Organ donation and transplantation in islam

Posted on: 19th June 2019

A new fatwa (religious edict) has been released today by a leading UK-based Muslim Scholar, clarifying his position on living and deceased organ donation. Three out 10 patients across the UK waiting for an organ transplant are from black, Asian and minority ethnic communities. The British Liver Trust hopes hope that greater understanding of the patient need, aligned with support from Islamic scholars, imams and umbrella organisations for organ donation will lead to more lives being saved through transplantation.

After extensive interrogation of religious texts, fatawa on organ donation published elsewhere in the world and engagement with other Islamic scholars, imams and umbrella bodies, leading intensive care doctors, specialist nurses and transplant surgeons, Mufti Mohammed Zubair Butt has reached the following conclusions:

  • The transplant of pure animal organs and tissue is permissible, but the transplant of impure animal organs and tissue is not permitted unless there is no permissible alternative.
  • Replant and autotransplant of human organs and tissue is permissible.
  • Living/altruistic organ donation is permissible provided harm to the donor is negligible or relatively minor that it does not disrupt the life of the donor.
  • Organ donation after circulatory determination of death (DCDD) is permissible provided the point of elective irreversibility has lapsed.
  • Organ donation after neurological determination of death (DDDB) following complete and irreversible loss of brain function, is permitted only once the point of elective irreversibility has lapsed and the heart has stopped.
  • Deceased organ donation and transplantation of all organs/tissues besides the gonads is permissible.

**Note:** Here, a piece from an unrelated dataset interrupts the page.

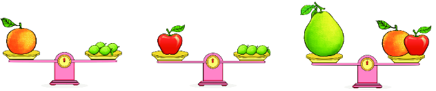 Quan sát tranh với đĩa cân để trả lời các câu hỏi của bài toán. Đĩa cân ở hai bên thăng bằng thì đồ vật trên hai đĩa cân nặng bằng nhau.
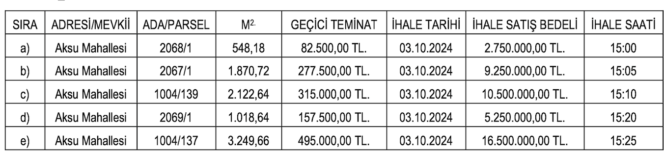 Giresun Belediye Başkanlığı tarafından satışa çıkarılan ve Aksu mahallesinde yer alan 5 adet arsanın yüz ölçümleri 548,18 metrekare ile 3 bin 249,66 metrekare arasında değişiyor.

This is not the first fatwa to be published in the UK on organ donation - preceding ones were released in 1995 and 2000. This new fatwa draws upon the four established Sunni schools of Islamic jurisprudence and looks to complement the existing knowledge and serve as a discussion document for Islamic scholars, Imams and Muslim chaplains.

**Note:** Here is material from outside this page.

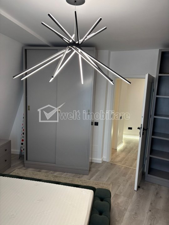 Apartament modern, 3 camere, 2 bai, balcon generos, panorama Cluj-Napoca, Zorilor 3 camere • 73 m2 • 2 bai • etaj 9/14 • semidecomandatfinisat • mobilat complet pret chirie negociabil 899 €/luna 850 €/luna + TVA + 15 + 12 Inchiriat Caracteristici Tip locuinta Apartament Tip imobil bloc de apartamente Numar camere 3 Numar bucatarii 1 Numar bai 2 Numar balcoane 1 Parcare nu Supr. construita 90 m2 Suprafata utila 73 m2 Compartimentare Semidecomandat Confort 1 Etaj 9/14 An constructie 2021 Disponibilitate imediat Descrierea Apartamentului Welt Imobiliare va propune spre inchiriere un apartament de exceptie situat in cel mai spectaculos complex rezidential din Cluj-Napoca. Suprafata utila a apartamentului este de 73 mp, oferind un spatiu amplu pentru o locuire confortabila. Balconul este generos, avand 15 mp, ideal pentru relaxare. Apartamentul este situat la un nivel intermediar. Are doua dormitoare spatioase, o zona de zi open-space cu bucatarie moderna, ideala pentru socializare si relaxare, si doua bai complet utilate, care ofera confort si functionalitate. Apartamentul este complet mobilat si utilat, avand materiale premium si finisaje de inalta calitate, atent selectate pentru un design modern si o functionalitate sporita. Apartamentul nu are parcare proprie, dar se pot gasi parcari pe strada. Complexul rezidential de lux ofera multiple facilitati si un mediu de locuit exclusivist. Locatia este excelenta, fiind aproape de centre comerciale si mijloace de transport. Pentru detalii suplimentare si programarea unei vizionari, va rugam sa ne contactati. ID Proprietate - P48039 Utilitati, Finisaje Utilitati generale: Electricitate, Apa, Gaz, CanalizareSistem de incalzire Centrala termica, Incalzire in pardoseala Finisaje: Izolatii termice (Exterior), Pereti (Vopsea lavabila), Podele (Parchet, Gresie) Dotari: Bucatarie (Mobilata, Utilata), Mobilat (Complet), Dotari imobil (Videointerfon), Electrocasnice (Masina de spalat rufe, Frigider, Masina de spalat vase, TV, Cuptor microunde, Hota) Vecinatati si puncte de interes in zona Lidl, Frunzisului Amenajare strazi (Asfaltate), Iluminat stradal, Mijloace de transport in comun Numar vizualizari: 485

Mufti Mohammed Zubair Butt also covered other forms of donation in his edict reaching the conclusion that it is permitted to donate stem cells from adult tissue, tissue of a minor with parental permission, cord blood, a miscarried foetus, a foetus aborted for a reason valid in sharīʿa, and a surplus embryo incidental to the process of IVF.  However, stem cells obtained through therapeutic cloning are not permitted.

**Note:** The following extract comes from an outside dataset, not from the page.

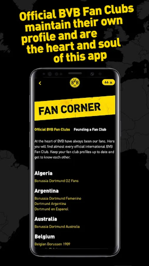 Every official international BVB Fan Club will have the possibility to create its own profile. Introduce yourself to the community, let them know what makes you special, and invite newbies to upcoming events.

He also concludes that the use of prostheses is permissible.

Mufti Mohammed Zubair Butt’s fatwa is the culmination of several years’ work supported by NHS Blood and Transplant and comes at a crucial time. Following the successful experience in Wales, where consent rates for organ donation have significantly increased after introducing ‘opt out’ in 2015; Jersey (July 2019), England (spring 2020) and Scotland (date TBC) are all working towards implementing an opt out system. Guernsey and the Isle of Man are also looking to introduce new legislation to change to an opt out system.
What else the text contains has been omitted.